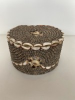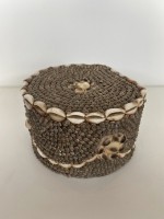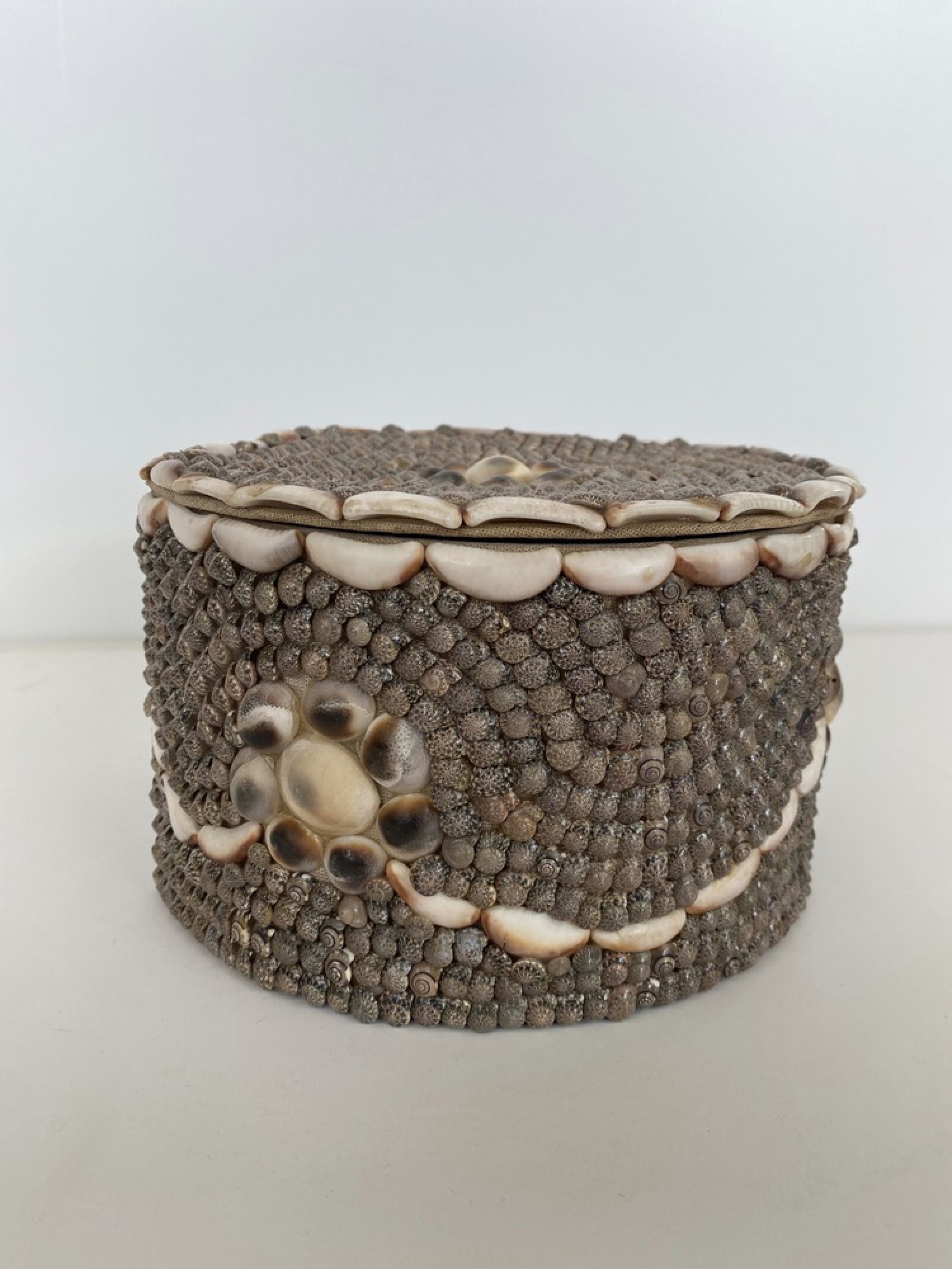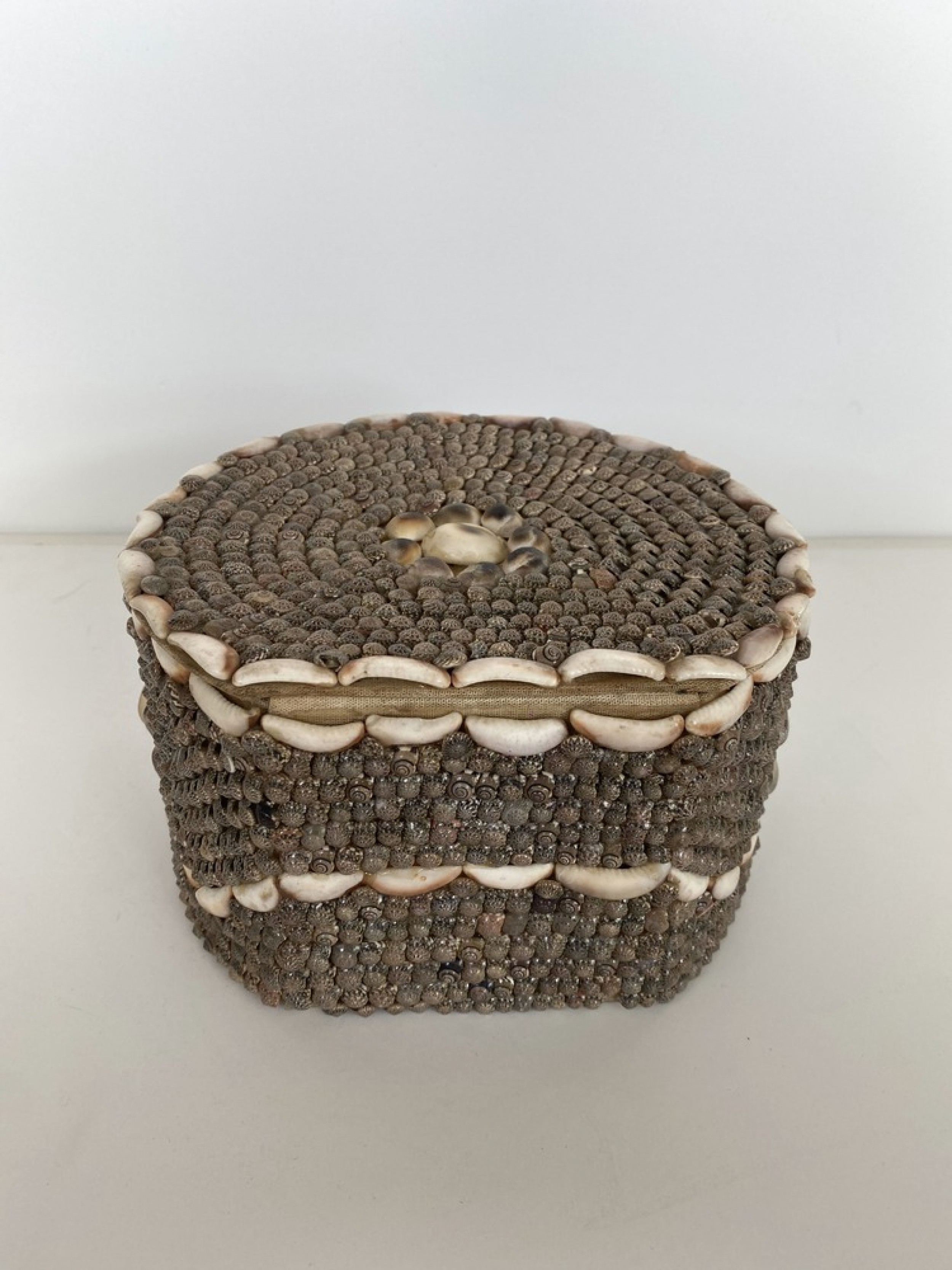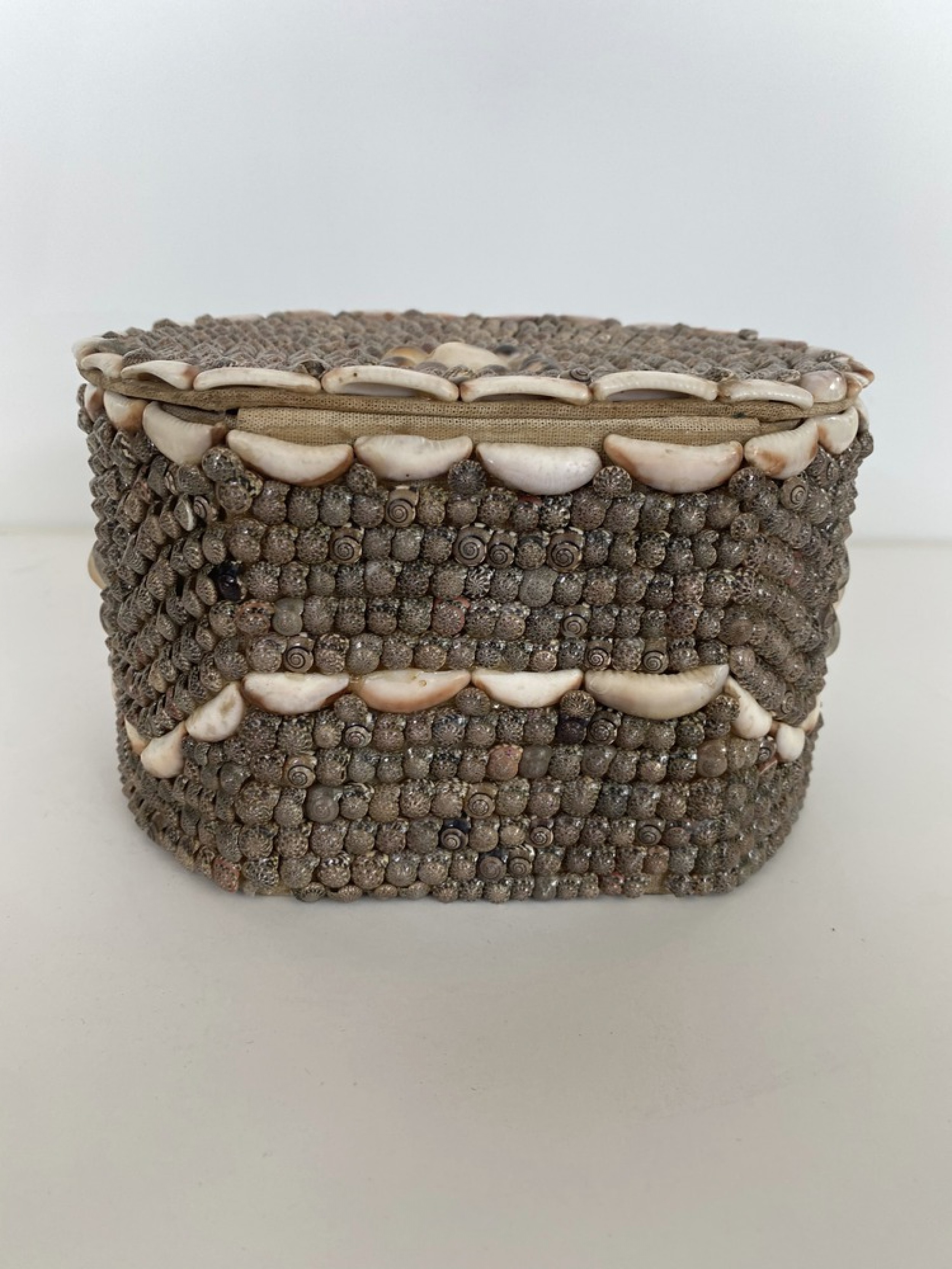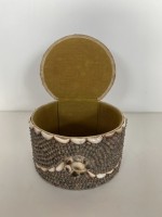 Contemporary American Modern oval jewelry box with an applied brown and beige seashell exterior and green velvet interior.
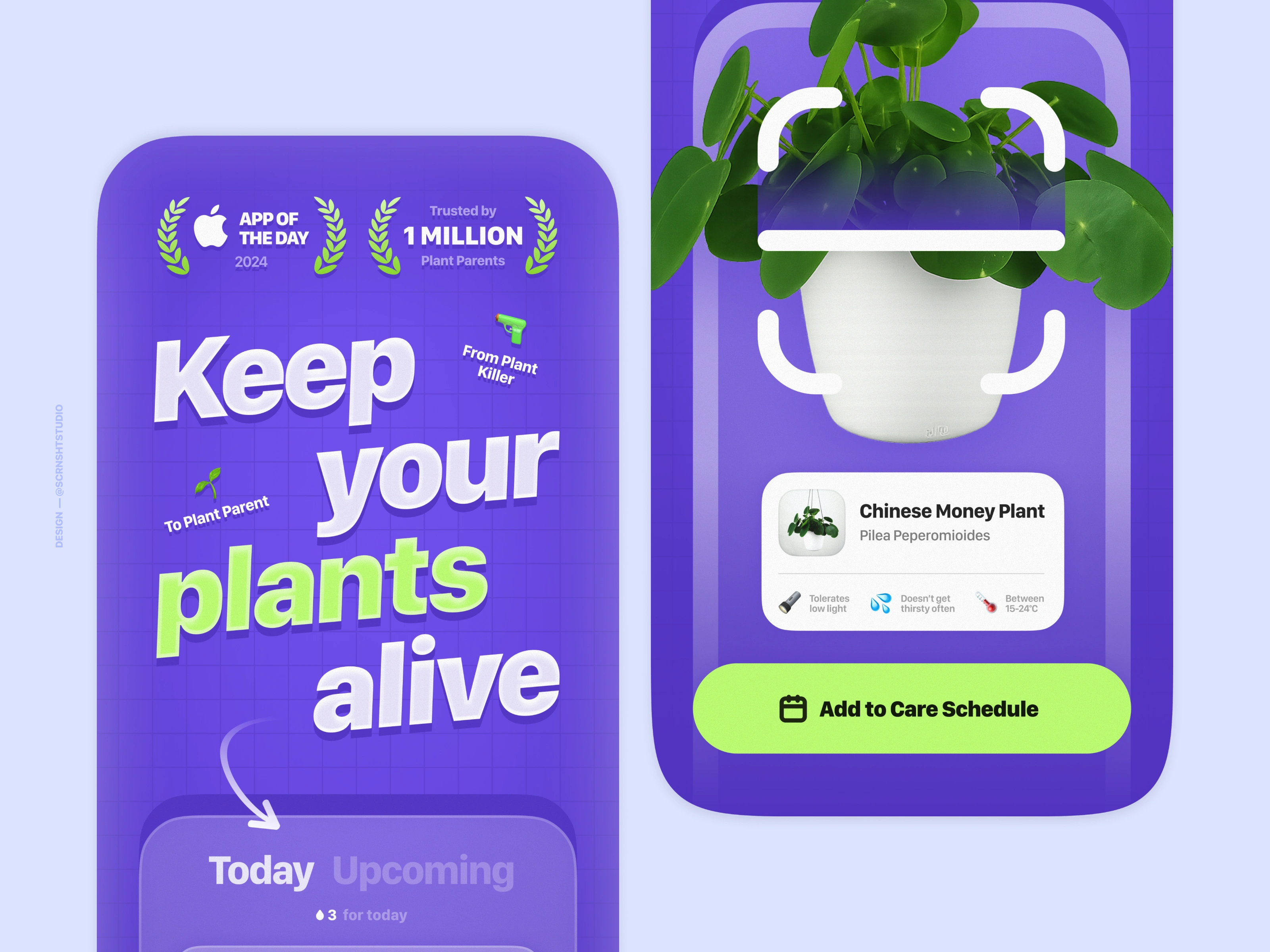 A simple and playful headline “Keep your plants alive”, crafted to speak directly to the audience. A bold, punchy color duo that instantly grabs the eye. And a set of simplified interface visuals designed to prove just how intuitive Greg really is.
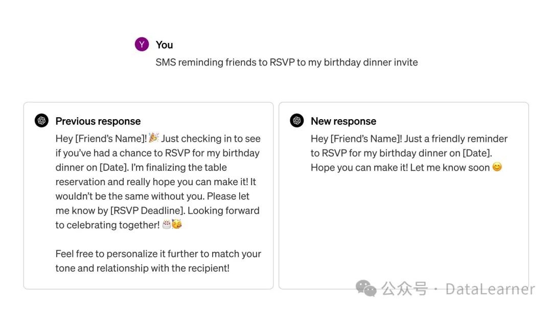 官方给了一个实例,说明最新的GPT-4对话能力更强,也不那么啰嗦。例如,让GPT写一个短信邀请朋友参加生日聚会:
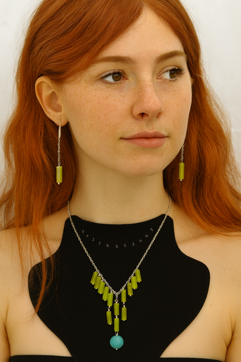 Set Bijuterii cu Jad si Angelit Lucrat Manual Oțel Inoxidabil (cod1352)
============================================================
Task instructions >>
What do the lines above say from the line containing "官方给了一个实例,说明最新的" through the last line? Quote them exactly, both ends included, and leave out the pictures.

Output for this task >>
 官方给了一个实例,说明最新的GPT-4对话能力更强,也不那么啰嗦。例如,让GPT写一个短信邀请朋友参加生日聚会:
 Set Bijuterii cu Jad si Angelit Lucrat Manual Oțel Inoxidabil (cod1352)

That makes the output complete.